**Task instructions:**
In the entries below, find the line containing "Un espace sensoriel" and the line containing "[三字歌谱]鸳鸯锦(电视剧《梅花三弄》插曲) 叶欢". Copy those two lines and everything between them exactly, without the pictures.

**Provided data:**
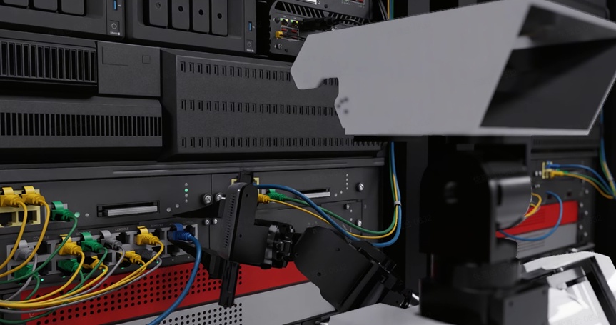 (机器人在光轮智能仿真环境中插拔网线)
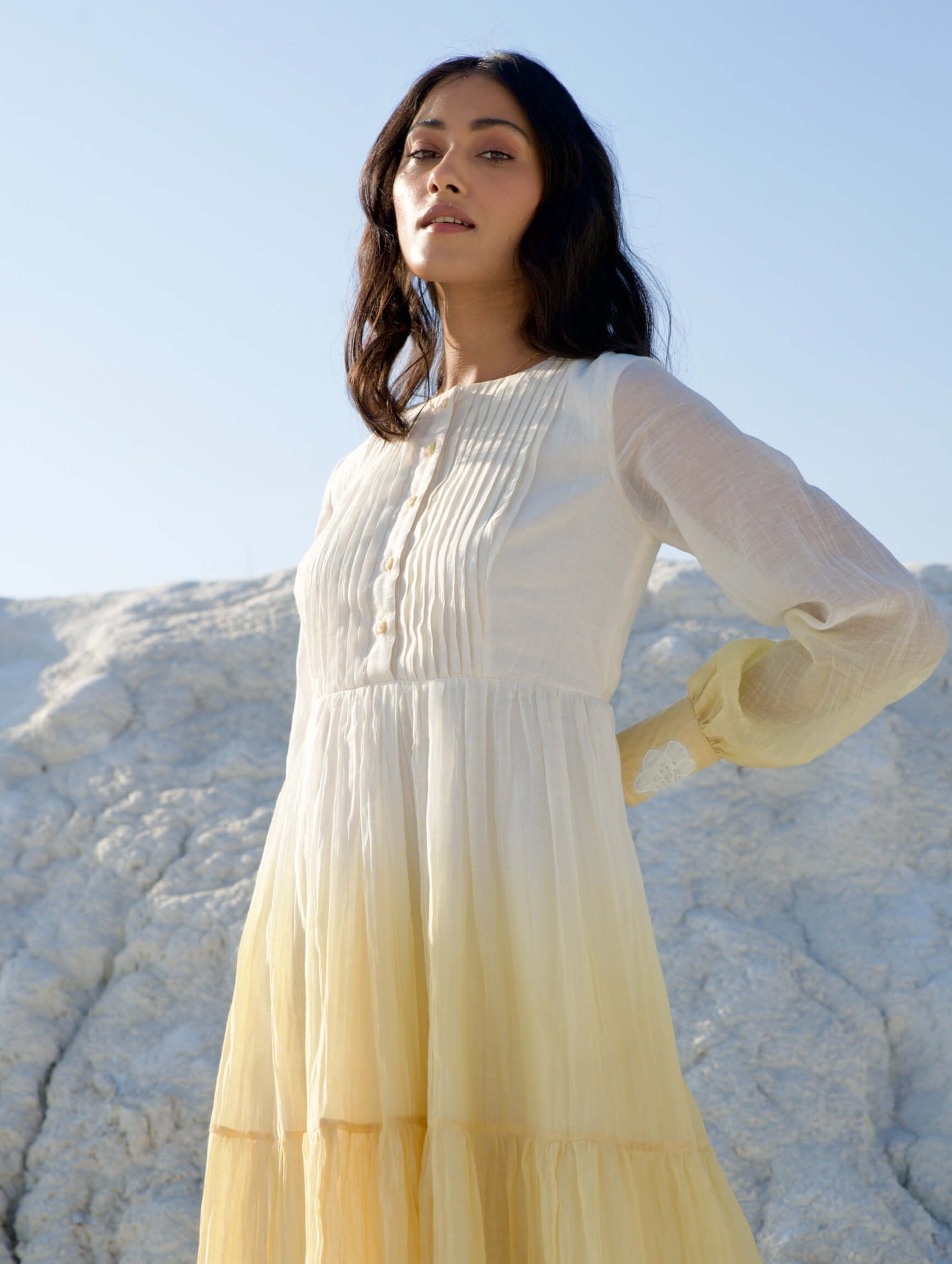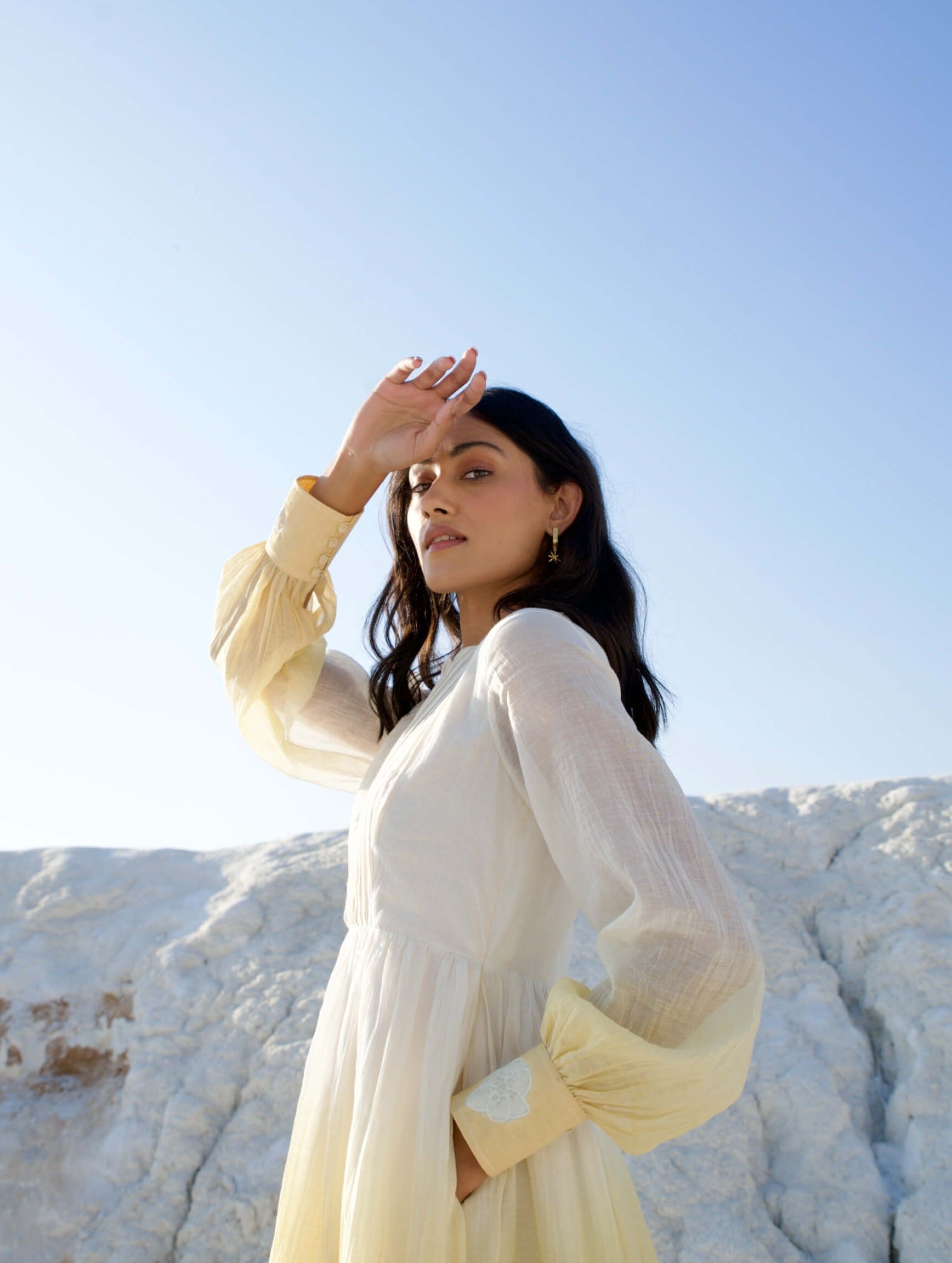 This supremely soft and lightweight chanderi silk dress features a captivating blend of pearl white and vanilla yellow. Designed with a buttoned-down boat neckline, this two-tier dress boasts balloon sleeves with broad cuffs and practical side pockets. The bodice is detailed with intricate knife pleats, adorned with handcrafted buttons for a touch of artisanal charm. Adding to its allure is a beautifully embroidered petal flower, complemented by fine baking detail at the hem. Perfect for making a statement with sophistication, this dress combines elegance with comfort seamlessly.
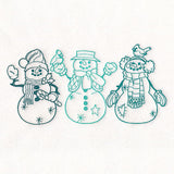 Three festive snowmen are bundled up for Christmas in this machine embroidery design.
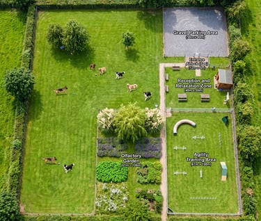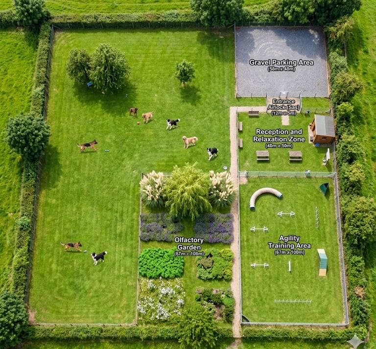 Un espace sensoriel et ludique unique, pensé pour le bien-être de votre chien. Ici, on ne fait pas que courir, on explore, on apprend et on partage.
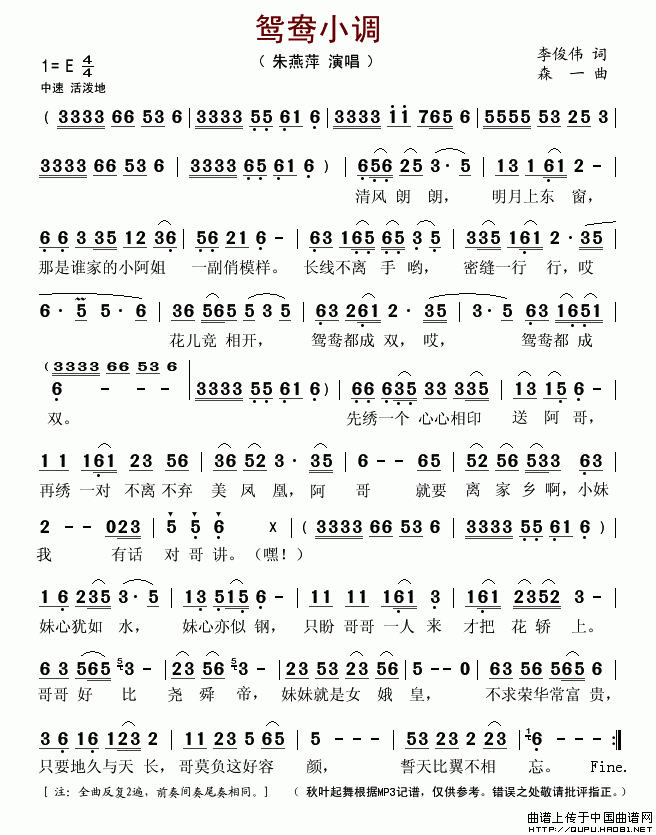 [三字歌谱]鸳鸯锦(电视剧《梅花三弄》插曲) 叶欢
---
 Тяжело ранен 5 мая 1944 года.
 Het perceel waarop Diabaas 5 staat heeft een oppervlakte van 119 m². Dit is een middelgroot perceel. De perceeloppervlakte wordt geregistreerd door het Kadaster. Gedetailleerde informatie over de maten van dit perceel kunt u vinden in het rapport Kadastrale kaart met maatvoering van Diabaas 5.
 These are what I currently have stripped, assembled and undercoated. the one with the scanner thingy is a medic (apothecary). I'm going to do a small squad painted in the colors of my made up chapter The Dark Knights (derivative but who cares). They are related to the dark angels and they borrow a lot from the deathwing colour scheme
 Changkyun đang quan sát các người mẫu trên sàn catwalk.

**Answer section:**
 Un espace sensoriel et ludique unique, pensé pour le bien-être de votre chien. Ici, on ne fait pas que courir, on explore, on apprend et on partage.
 [三字歌谱]鸳鸯锦(电视剧《梅花三弄》插曲) 叶欢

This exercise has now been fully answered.